This article was written by Martin De Vlieghere and Paul Vreymans of the Flemish think tank Work for All.

On 23 and 24 March the European Council is meeting to discuss the future of Europe’s social model. The very essence of the welfare state is at stake. Europe’s present social model is unable to tackle the modern challenges of globalization, and has left Europe with gigantic problems: an unsurmountable public debt, a rapidly ageing population, 19 million unemployed, and an overall youth unemployment rate of 18%. The unemployment figures may easily be doubled to account for hidden unemployment. The untold reality is that Europe’s real unemployment stands at the level of the 1932 Depression.

A man-made Disaster

Europe’s social disaster is unfolding while the rest of the world is booming at its fastest rate in three decades. 2004 and 2005 were record years for China and India, which have double-digit growth rates, and for the USA, which fully enjoys the benefits of globalization. The world’s economy is booming at an average rate of over 4%, but Europe’s growth has stagnated at an inflated 1.5%.

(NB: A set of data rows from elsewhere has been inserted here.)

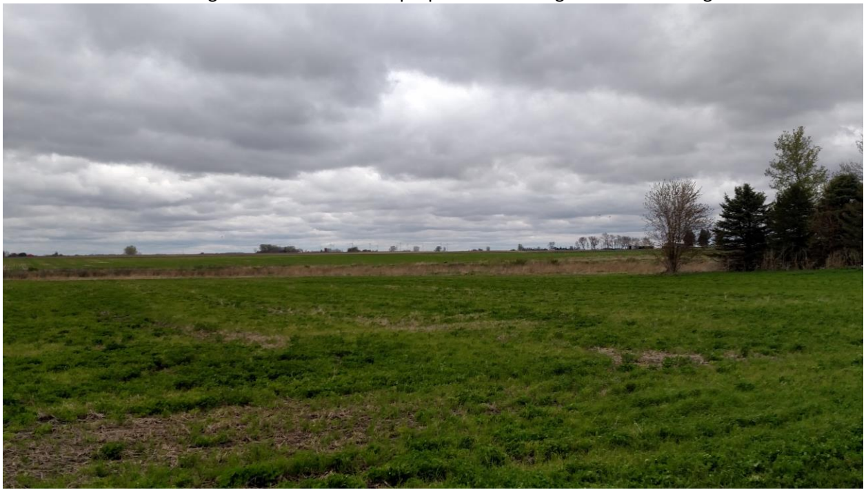
May 9, 2019, J. Robbins

Looking at the location of the proposed second agricultural dwelling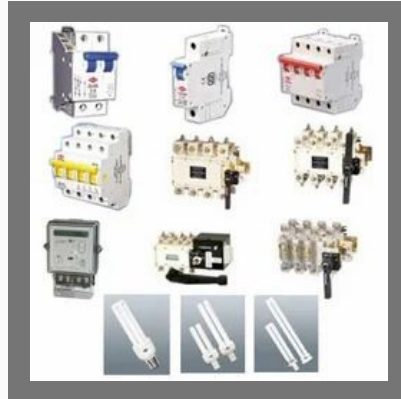
HPL Switch Gears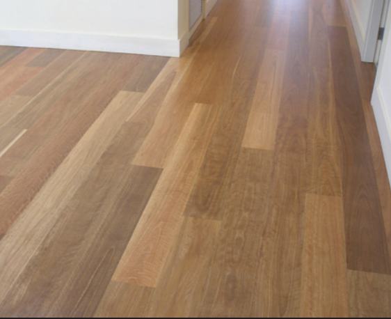
SELECT SPOTTED GUM FLOOR 180 X 14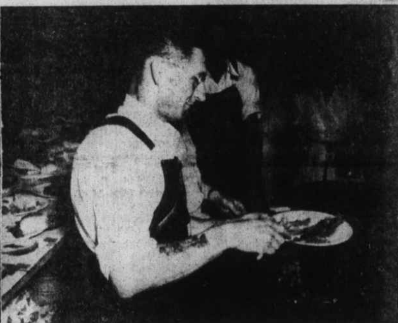
TIME OUT for lunch. Come and get it!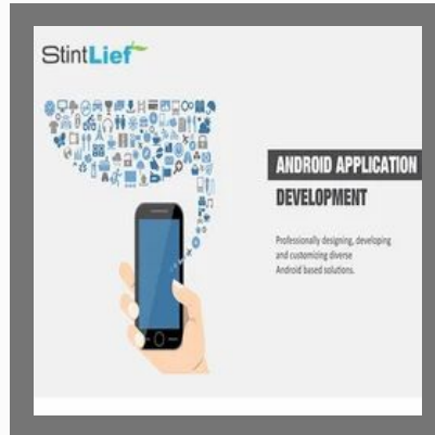
Android App Development Services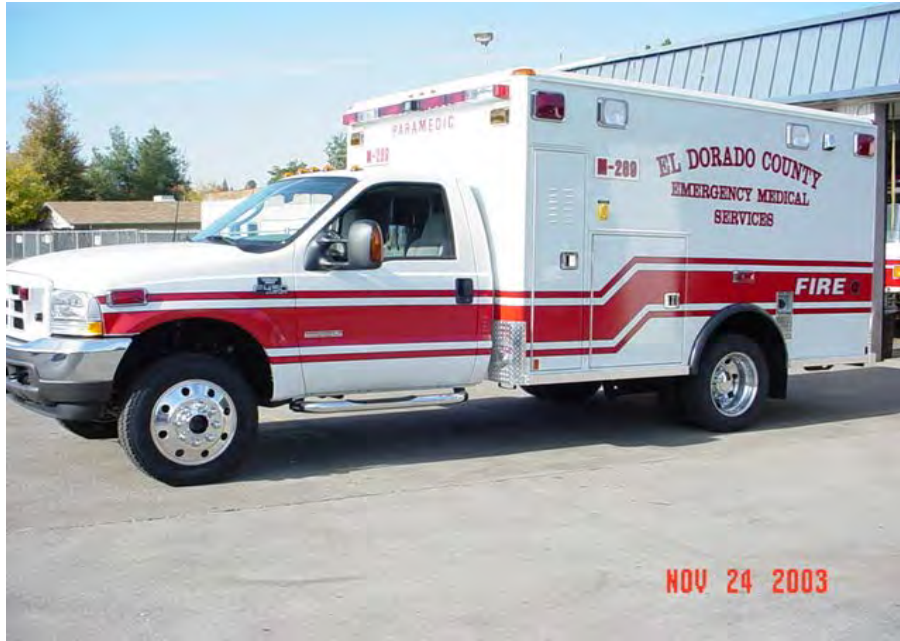
Figure 1 – Driver's Side View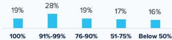
Chart 1. ULBs in Percentage by coverage range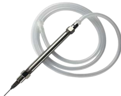
Dental Hand Piece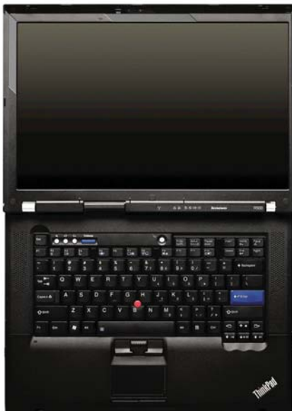
Lenovo ThinkPad R500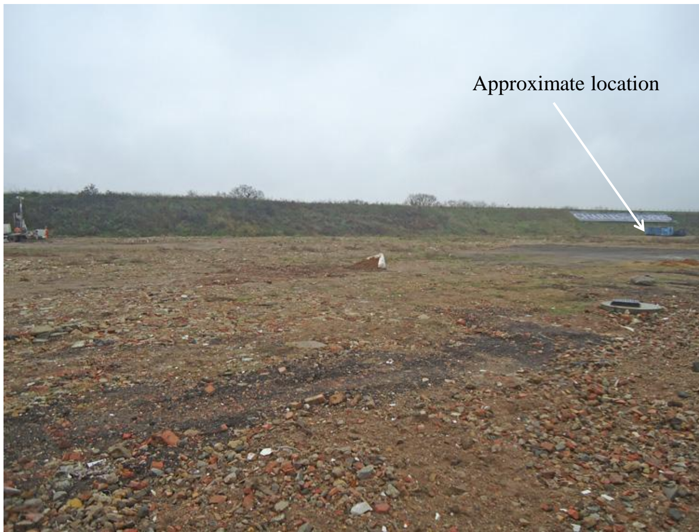
Figure 1 : View of the proposed concrete crusher location facing the southern screening bund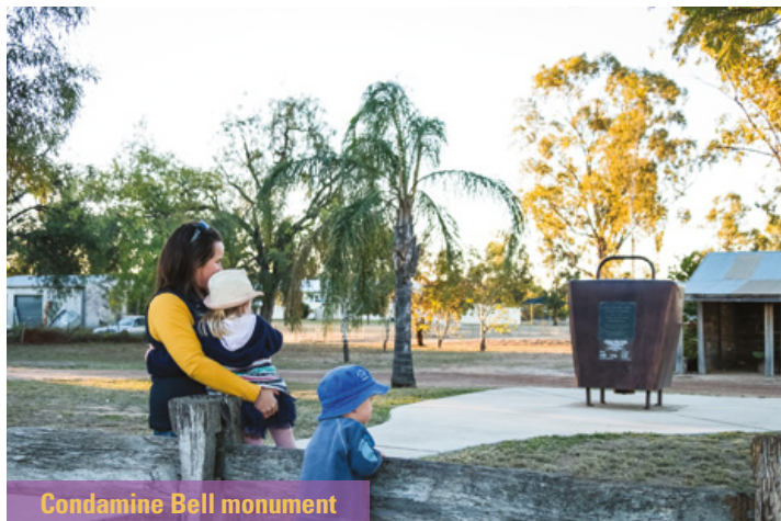
Condamine Bell monument

Why not venture off the main highways to immerse yourself in the true heart of the Western Downs.

Why is Europe performing so poorly? Europe’s deficient performance is incompatible with its huge potential as the world’s largest single consumer market. Its slow growth contradicts its unequalled industrial productivity and infrastructure, its outstanding education level and labour ethics, its favourable climate, “fair business” morality, and not in the least its tremendous potential provided by the opening of the iron curtain. Obviously Europe’s fairy-tale is not materializing. Nor are the inflated expectations prognosticated by Europe’s political elite at the launch of the Common Currency and the Lisbon Agenda.

Deficit Spending & Threatening Debt Crisis

The reality of Europe’s ailing economy contrasts sharply with its economic potential and with the massive resources employed to cure its ailing growth. The whole arsenal of Keynesian remedies has now been tried and has failed one by one. Massive deficit spending throughout the eighties and nineties has left Europe with a public debt unequalled in history. The size of Europe's monumental public debt is only surpassed by the hidden liabilities accumulated in Europe’s shortsighted pay-as-you-go public pension schemes.




Unfunded pension liabilities now average some 285% of GDP [pdf], more than 4 times the officially published public debt figures. Total public liabilities now exceed assets in most EU countries, and are causing runaway debt service. Richard Disney calculates [pdf] that if social policies are kept unchanged, tax hikes of as much as 5 to 15 percentage points will be necessary over the next couple of decades merely to avoid the rate of indebtedness increasing any further.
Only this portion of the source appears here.